Each of the proposals include matters which are extremely important to the
future of the Company. I urge you to read the Company's Proxy Statement
carefully, as it provides detailed information about each of these matters.
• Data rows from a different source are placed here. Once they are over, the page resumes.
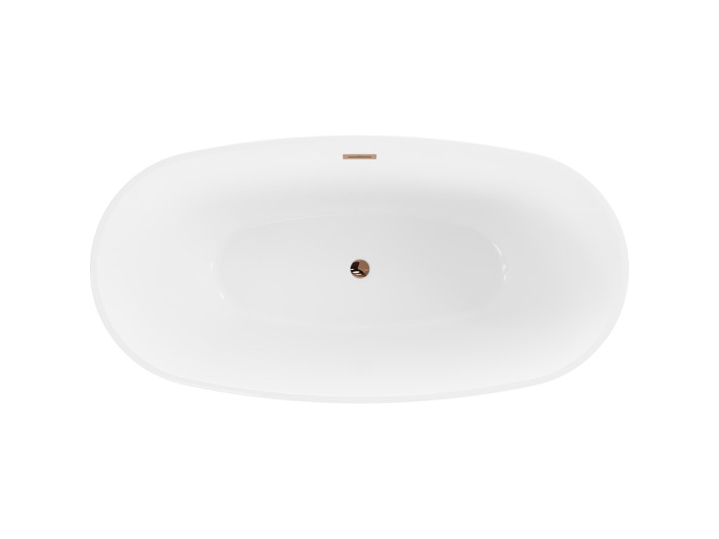 Voľne stojaca vaňa s rozmermi 180 x 80 cm je ideálnym riešením pre moderné kúpeľne. Jej oválny tvar a lesklý povrch v čiernej a bielej farbe zdôrazňujú eleganciu interiéru. Vysoká kvalita sanitárneho akrylátu zaručuje odolnosť, zatiaľ čo ružovozlatá lišta dodáva jedinečný nádych. Prepadový otvor a centrálny odtok zvyšujú funkčnosť. Vaňa je odolná voči dechtovaniu a UV žiareniu, čo znamená, že si dlho zachová svoj krásny vzhľad.Dodatočné parametre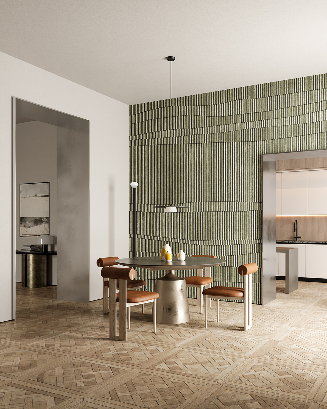 La superficie si sveste e si riveste, pattern e texture si sovrappongono e si alternano. Si sfogliano fino a spogliare la parete e si sovrappongo nella definizione di un’eleganza senza tempo fatta di tessuti pregiati, geometrie e decori floreali.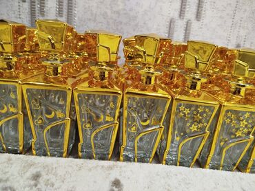 Qızılı bəzəkli şüşə ətir flakonları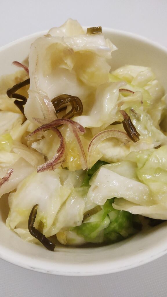 最初におかわり自由のキャベツと玉ねぎの塩昆布和えが供されます 懐かしい味でした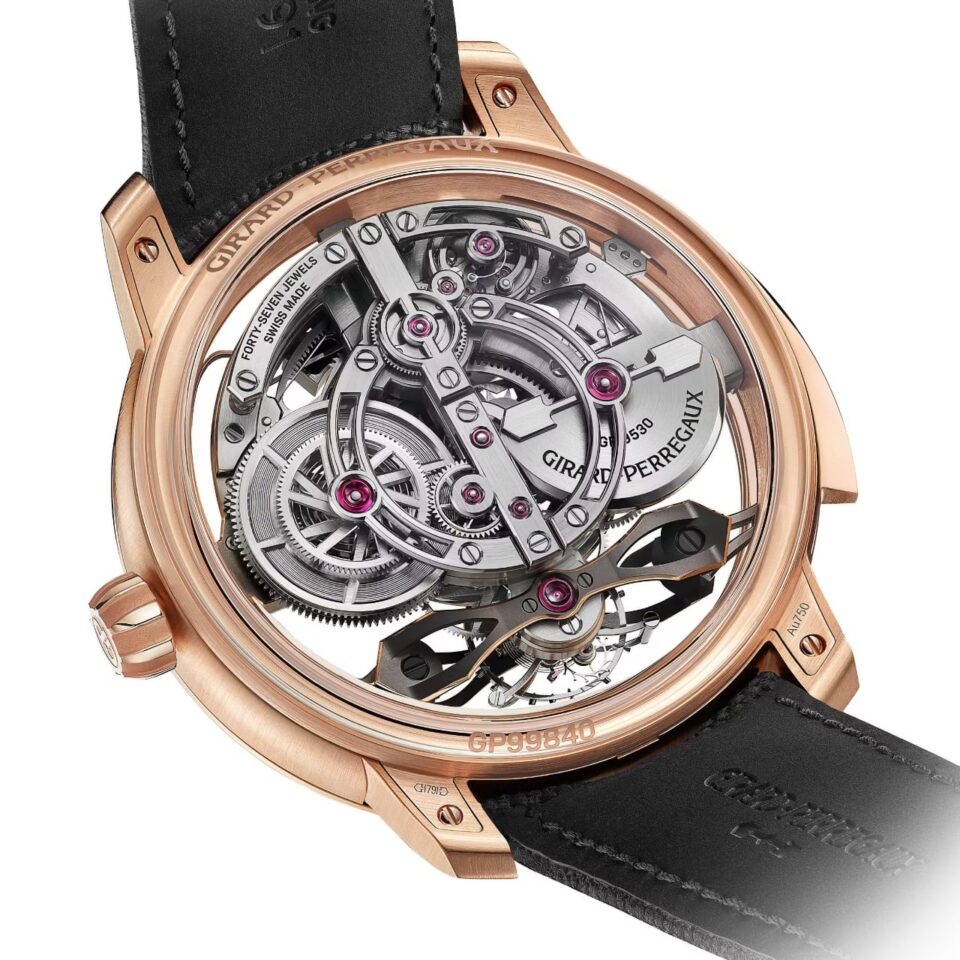 ประวัติความเป็นมาของ Girard-Perregaux นั้น มีความผูกพันอย่างลึกซึ้งกับกลไก Tourbillon และการออกแบบ Bridges มาตั้งแต่ช่วงศตวรรษที่ 19 โดยเฉพาะอย่างยิ่งผลงานอันเป็นเอกลักษณ์อย่าง “Three Golden Bridges” หรือสะพานจักรทองคำสามแถว ของ Constant Girard ซึ่งได้รับรางวัลเหรียญทองจากงาน Paris Universal Exhibition ในปี 1889 สำหรับนาฬิการุ่น Minute Repeater Flying Bridges นี้ ถือเป็นการสืบทอดเจตนารมณ์ดังกล่าวด้วยการนำเสนอโครงสร้างแบบ Openworked ที่แสดงให้เห็นถึงความซับซ้อนของกลไกตีบอกเวลา ซึ่งเป็นงานฝีมือที่แบรนด์มีความเชี่ยวชาญมาอย่างยาวนานนับตั้งแต่ยุคของ Jean-François Bautte ผู้ร่วมก่อตั้งแบรนด์

PLEASE NOTE THAT APPROVAL OF PROPOSALS (2) AND (3) REQUIRES THE AFFIRMATIVE
VOTE OF 80% OF ALL OUTSTANDING STOCK. THEREFORE, IF YOU DO NOT VOTE, IT WILL
HAVE THE SAME EFFECT AS A VOTE AGAINST THE PROPOSALS. PLEASE TAKE A FEW MINUTES
TO SIGN, DATE AND RETURN THE PROXY CARD IN THE ENCLOSED POSTAGE-PAID ENVELOPE.
BY DOING SO, YOU WILL SAVE THE COMPANY THE EXPENSE OF FURTHER SOLICITATION WHILE
ENSURING THAT YOUR VOTE IS REPRESENTED AT THE SPECIAL MEETING OF STOCKHOLDERS.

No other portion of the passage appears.